The pandemic in Athens still shows few signs of improving. If anything, things are getting worse with further community spread.
Athens-Clarke County topped 10,000 cases late last week. Data from the Department of Public Health showed that, as of Jan. 19, there have been 10,231 confirmed cases via viral tests and 1,808 positive antigen tests, for a total of 12,239 cases—approximately 10% of the population. The data also shows a total of 357 hospitalizations and 78 confirmed deaths, with three additional deaths listed as probable. The seven-day rolling average of new cases was 80, down from 108 a week ago, though that may attributable to the three-day MLK weekend.
Despite a recent decline in positive tests, the overall increase in cases and hospitalizations in Athens and the surrounding counties that utilize local hospitals over the past several months has meant continued stress on Athens hospitals. Eighty-eight ICU beds were in use, outstripping the normal capacity of 70. Statewide, ICU bed capacity is at 91%. Regular inpatient bed space occupied rose to over 100% with 634 of 621 beds in use. COVID-19 patients made up 43% of all hospitalizations in Region E, with 273 people hospitalized for COVID-19 as of Jan. 15.
Need further proof that COVID-19 is widespread among our community? Look no further than this week’s wastewater data from Dr. Erin Lipp and the Center for the Ecology of Infectious Diseases (CEID). According to the most recent data from Jan. 11, the total viral load increased by five-fold compared to levels measured the week prior and reached “the highest recorded total viral load through the course of this study.” While the rate of increase and total load are similar to trends seen in August when the UGA fall semester started, the data also notes that “these results may reflect an accelerated rate of new infections, the increase in population with the arrival of students, or both.”
The promise of the vaccine and its distribution provides some hope, but the slow rollout continues to be mired with snags and logistical issues—including the lack of a statewide scheduling tool for DPH health districts and delays in getting more of the vaccine into the hands of providers.
At a Jan. 12 Athens-Clarke County Commission work session, Northeast Health District Director Stephen Goggans gave commissioners further perspective on how vaccine distribution is shaping up and what to expect in the next six weeks.
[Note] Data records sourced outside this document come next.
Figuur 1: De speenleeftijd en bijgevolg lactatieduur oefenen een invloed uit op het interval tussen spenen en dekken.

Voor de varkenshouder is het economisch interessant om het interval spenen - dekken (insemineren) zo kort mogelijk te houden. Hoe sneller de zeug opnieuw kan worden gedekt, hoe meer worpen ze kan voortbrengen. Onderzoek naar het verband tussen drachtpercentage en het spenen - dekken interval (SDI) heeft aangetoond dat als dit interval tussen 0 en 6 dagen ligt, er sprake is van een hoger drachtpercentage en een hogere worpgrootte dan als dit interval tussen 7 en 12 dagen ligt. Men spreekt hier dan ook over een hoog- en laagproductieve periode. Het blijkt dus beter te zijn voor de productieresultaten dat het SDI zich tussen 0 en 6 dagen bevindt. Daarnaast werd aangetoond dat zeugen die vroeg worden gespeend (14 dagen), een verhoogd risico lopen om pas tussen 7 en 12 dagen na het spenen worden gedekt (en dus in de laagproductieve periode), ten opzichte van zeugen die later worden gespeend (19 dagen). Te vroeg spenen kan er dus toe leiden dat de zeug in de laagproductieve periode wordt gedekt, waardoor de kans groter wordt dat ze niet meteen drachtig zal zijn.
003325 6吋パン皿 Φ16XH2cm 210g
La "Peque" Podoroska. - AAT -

The new dual testing and vaccination drive through the DPH site in Athens, located at 355 Oneta St. just off of Chase Street, is set up to provide vaccinations. In five weeks’ time, Goggins said, there should be 23 sites, via public and private providers, set up across the county to administer vaccinations. Goggans said they expect to have the capacity to administer at least 4,000 vaccinations a week, perhaps up to 4,700.
As of Jan. 15, Clarke County had administered approximately 4,000 vaccinations in this phase to those who qualify. Statewide, Georgia has administered 368,379 shots.
At an event last week for reporters to tour the new testing and vaccination site, Northeast Health District Clinic Manager and COVID-19 Public Information Officer Sarah Peck said the real holdup at this point is actually getting ahold of more of the vaccine. “We’re walking a fine line. We want the public to know that we’re here at this new site, but we’ve got limited supply, and the demand is high,” she said.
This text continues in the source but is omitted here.